Together, they were the parents of six children, three sons and three daughters, including:

- Franz Ludwig Hermann Karl (Paris, 13 February 1845 – 2 April 1884); who died unmarried.
- Hélène Boniface Pauline Luise (Paris, 11 July 1847 – Nice, 12 February 1931); who married Count Georg von Kanitz (1842–1922), aide de camp to Prince Friedrich Karl of Prussia. After divorcing in 1884, she remarried to Baron Arthur von Scholl (1847–1904).
- Melchior (Paris, 18 December 1848 – Münster, 1 January 1880); who married Baroness Mathilde von Gaugreben (1838–1910).
- Margarete (Paris, 23 April 1850 – Berlin, 16 July 1923); who married Baron Anton Saurma von der Jeltsch (1836–1900), Prussian diplomat.
- Louise (Paris, 7 January 1852 – San Remo, 3 March 1909); who married Count Bernhard von Welczeck (1844–1917).

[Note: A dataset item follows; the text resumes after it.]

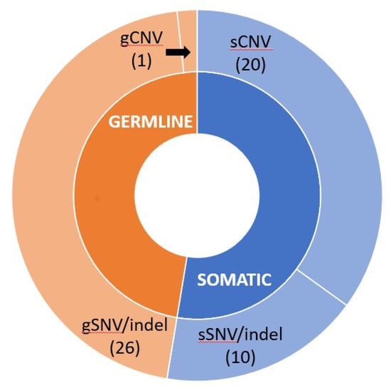 If germline and somatic carriers seemed to be equally represented in BRCA-mutated patients (27 gBRCAs vs. 24 sBRCAs), CNVs seemed to be much more represented in somatic as compared to germline variants (20 sCNVs vs. 1 gCNV). On the other hand, SNVs or indels were more frequently detected as germline variants (26 gSNVs vs. 10 sCNVs), as shown in Figure 3.

- Bonifacius (Paris, 27 April 1854 – Münster, 31 October 1921); who married Princess Olga Manoukbey (1854–1920).

After his death, his widow remarried to Louis de Talleyrand-Périgord, duc de Valençay, 3rd duc de Talleyrand-Périgord. The duc de Valençay was the older brother of Pauline's brother Henri de Castellane's wife Pauline de Talleyrand-Périgord, and was the father of Boson de Talleyrand-Périgord from his first marriage to Anne Louise Charlotte de Montmorency.